Dinkins has been hampered by an economic decline aggravated by massive layoffs on Wall Street. To balance the city budget, he must raise $850 million from higher taxes and slash services by $303 million. That will mean backing away from campaign promises to put a cop on every subway train and provide housing for the homeless. Managing cutbacks would be difficult under any circumstances, but Dinkins has filled many of the top posts in his administration with outsiders, such as Police Commissioner Lee Brown (recruited from Houston) and Health Commissioner Woodrow Myers (from Indianapolis), who have no experience in New York's intricate local politics. "His executive core provides him with no political base," says Mitchell Moss, director of the Urban Research Center at New York University.

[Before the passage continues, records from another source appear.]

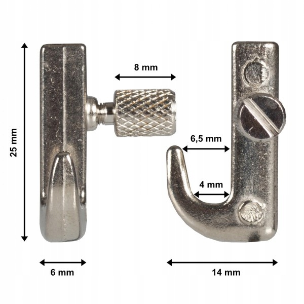 MIDI HOUC , нікель -з його невеликою формою робить відстань від стіни до об'єкта дійсно невеликим. Оснащений гвинтом, який дозволяє прикріпити його на вибраній висоті кабелю і дозволяє в майбутньому регулювати положення. Ці суцільні гачки в народі використовуються в системах підвіски на основі галереї шинки та посилань.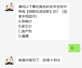 街机cn 来源:厂商 发表于:2021-05-07《原神》是一个异世界大陆游戏,游戏中的每个角色都有一个很长的名字,但是为了方便玩家的记忆,所以都有一个简称,今天的微信每日一题是:请问以下哪位角色的名字全称中带有【阿斯托洛吉斯】的?下面小编就给大家带来《原神》2021年5月7日微信每日一题答案,一起来看看吧!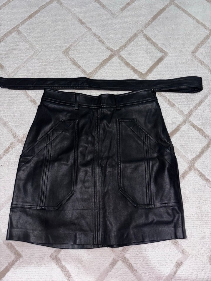 Kemerli, fitted kesim siyah deri mini etek, gotik ve avant-garde Paris tarzını yansıtır. Günlük kullanım için uygundur.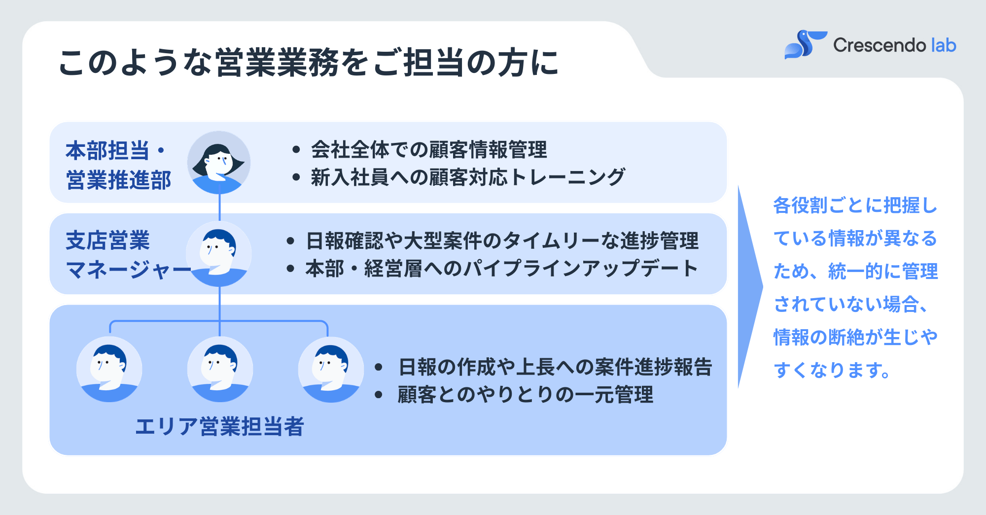 といった営業の属人化は、売上機会の損失だけでなく、組織の透明性を失わせる大きなリスクとなります。

The mayor's desire to promote tolerance can hardly be faulted, but by itself it will do little for the people at the bottom who are most directly harmed by racism. The blacks and whites most often involved in racial violence have things in common: poor educations, no job skills and bleak, depressing futures. "You are seeing what happens when the possibilities for low-income people are cut back," says Madeline Lee, executive director of the New York Foundation, which supports community projects for the disadvantaged. "They turn on each other."
As opportunities constrict, the impulse to blame other racial groups can become overwhelming -- and the temptation to exploit such resentments can become irresistible to some unscrupulous leaders. When elected officials fail to provide effective leadership, says Moss, "the street merchants of hate move into the vacuum." Last week Dinkins mused about his role in repairing the cracks in New York's gorgeous mosaic. Said he: "No one ever knows if one has done enough." That realization could be the start of doing something more.